[Extracted records]
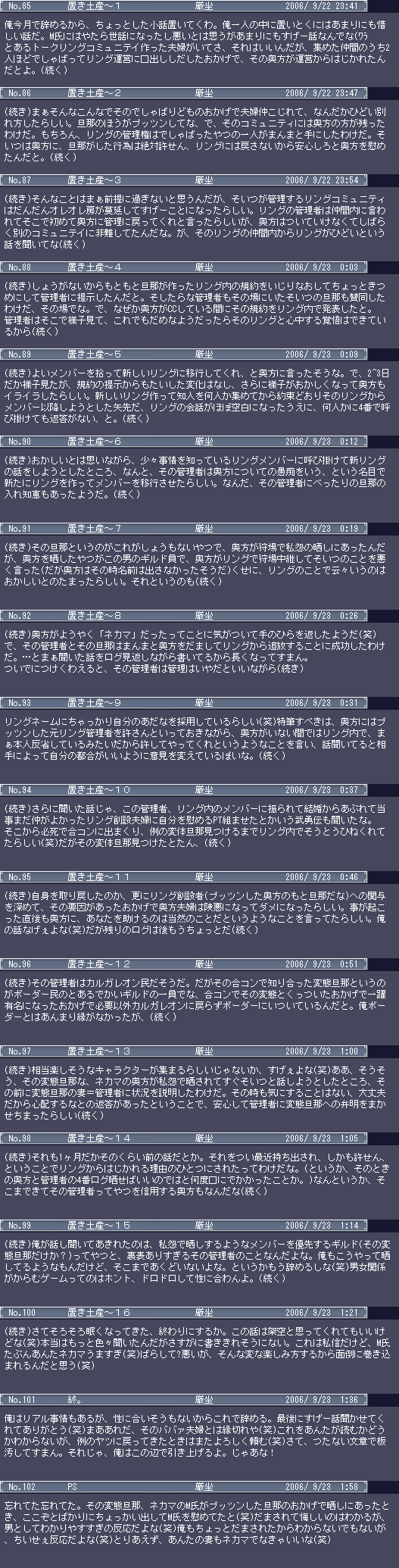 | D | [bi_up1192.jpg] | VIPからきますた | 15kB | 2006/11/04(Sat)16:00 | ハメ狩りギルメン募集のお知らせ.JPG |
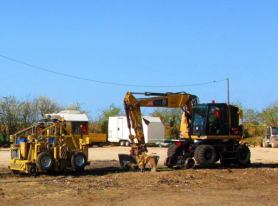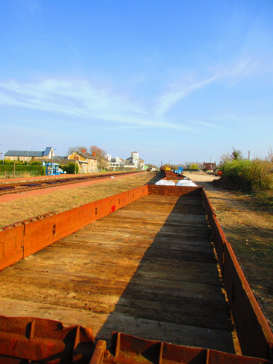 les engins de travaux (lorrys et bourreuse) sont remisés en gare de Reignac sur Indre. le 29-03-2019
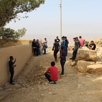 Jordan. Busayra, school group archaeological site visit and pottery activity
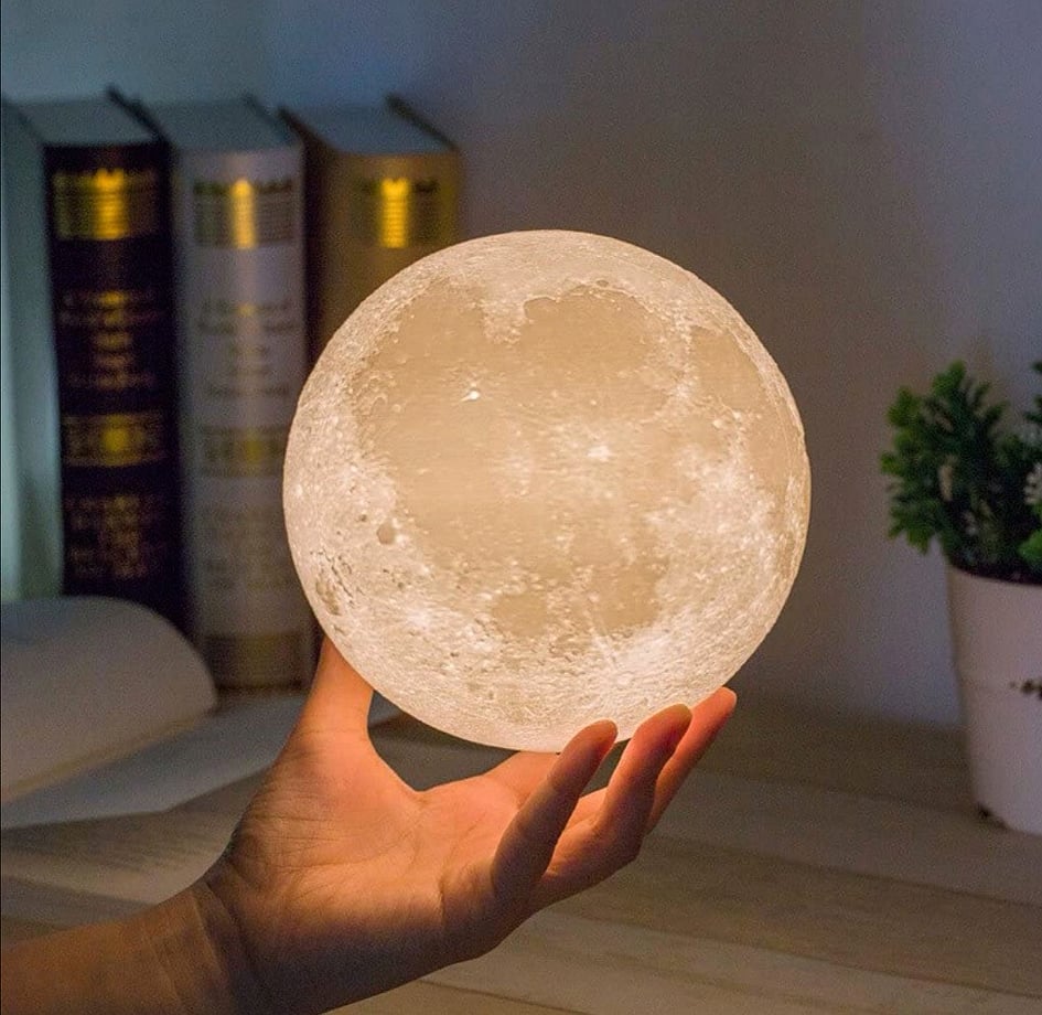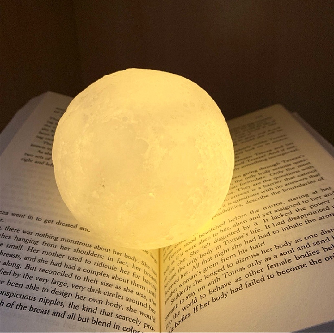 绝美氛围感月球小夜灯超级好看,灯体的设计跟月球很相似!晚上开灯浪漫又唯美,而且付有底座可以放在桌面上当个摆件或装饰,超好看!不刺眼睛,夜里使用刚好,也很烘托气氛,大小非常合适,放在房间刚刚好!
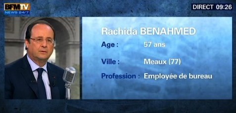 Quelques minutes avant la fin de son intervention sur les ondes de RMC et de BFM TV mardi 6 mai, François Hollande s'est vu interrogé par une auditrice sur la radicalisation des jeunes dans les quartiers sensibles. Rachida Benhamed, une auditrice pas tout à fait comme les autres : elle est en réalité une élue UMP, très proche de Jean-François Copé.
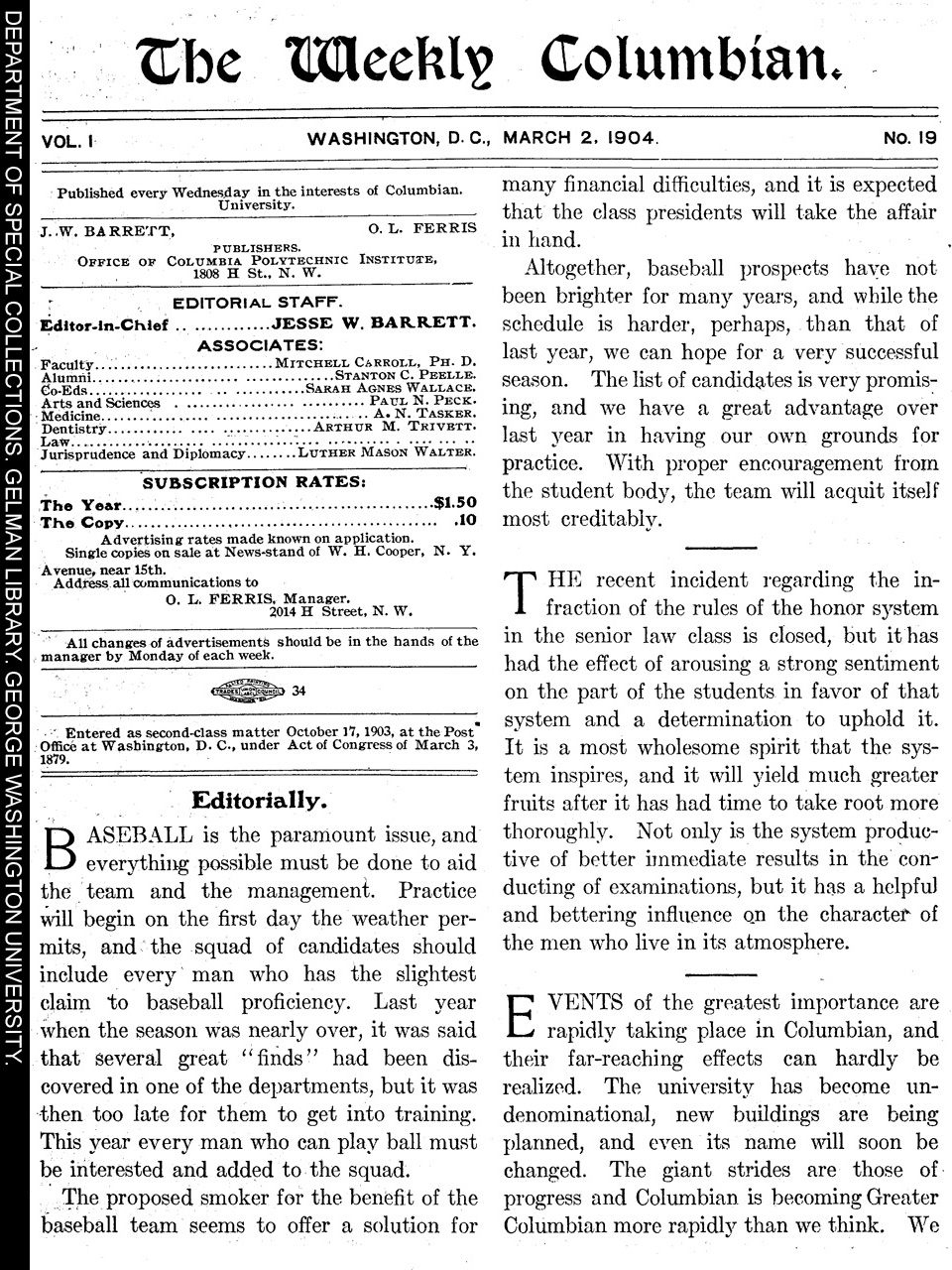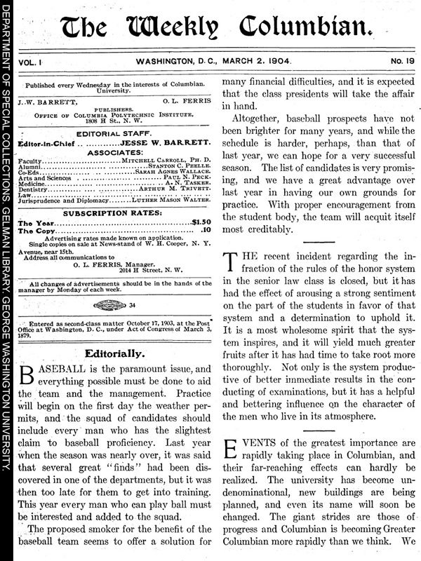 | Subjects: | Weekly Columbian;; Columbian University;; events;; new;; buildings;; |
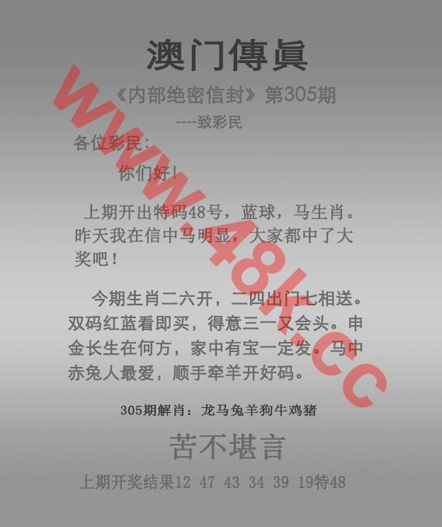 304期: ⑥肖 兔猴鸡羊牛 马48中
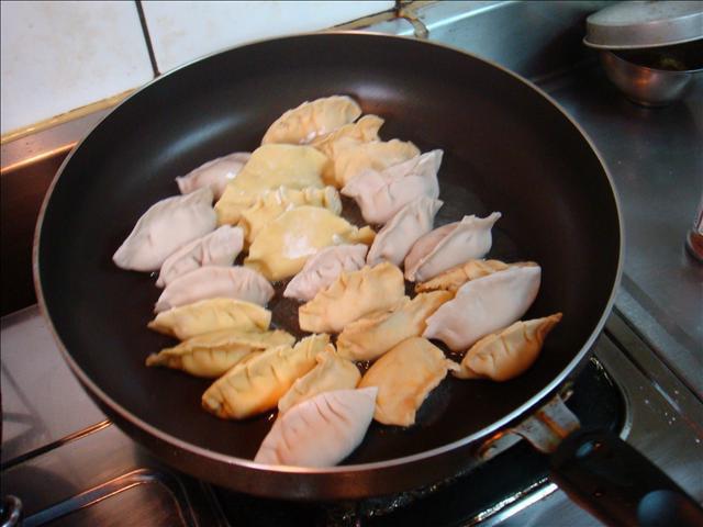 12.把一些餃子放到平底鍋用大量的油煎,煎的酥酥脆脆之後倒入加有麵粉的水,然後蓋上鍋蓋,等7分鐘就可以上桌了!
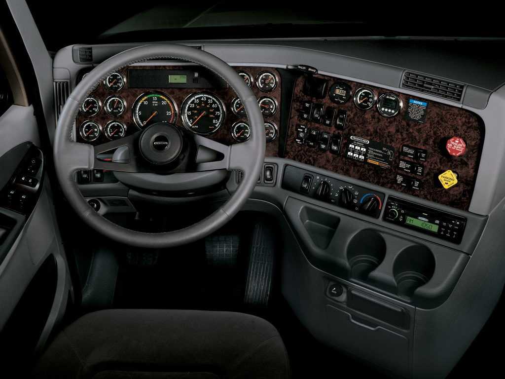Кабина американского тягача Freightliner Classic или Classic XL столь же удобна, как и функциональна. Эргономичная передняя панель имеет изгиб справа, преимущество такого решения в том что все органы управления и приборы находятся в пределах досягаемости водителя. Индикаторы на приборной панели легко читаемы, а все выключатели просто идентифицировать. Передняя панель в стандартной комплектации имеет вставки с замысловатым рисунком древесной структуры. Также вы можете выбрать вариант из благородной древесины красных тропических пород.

- **WORK ITEM**
Using the entries above, transcribe every line from the line containing "绝美氛围感月球小夜灯超级好看" through the line containing "304期: ⑥肖 兔猴鸡羊牛 马48中". Do not copy pictures.

- **YOUR SOLUTION**
 绝美氛围感月球小夜灯超级好看,灯体的设计跟月球很相似!晚上开灯浪漫又唯美,而且付有底座可以放在桌面上当个摆件或装饰,超好看!不刺眼睛,夜里使用刚好,也很烘托气氛,大小非常合适,放在房间刚刚好!
 Quelques minutes avant la fin de son intervention sur les ondes de RMC et de BFM TV mardi 6 mai, François Hollande s'est vu interrogé par une auditrice sur la radicalisation des jeunes dans les quartiers sensibles. Rachida Benhamed, une auditrice pas tout à fait comme les autres : elle est en réalité une élue UMP, très proche de Jean-François Copé.
 | Subjects: | Weekly Columbian;; Columbian University;; events;; new;; buildings;; |
 304期: ⑥肖 兔猴鸡羊牛 马48中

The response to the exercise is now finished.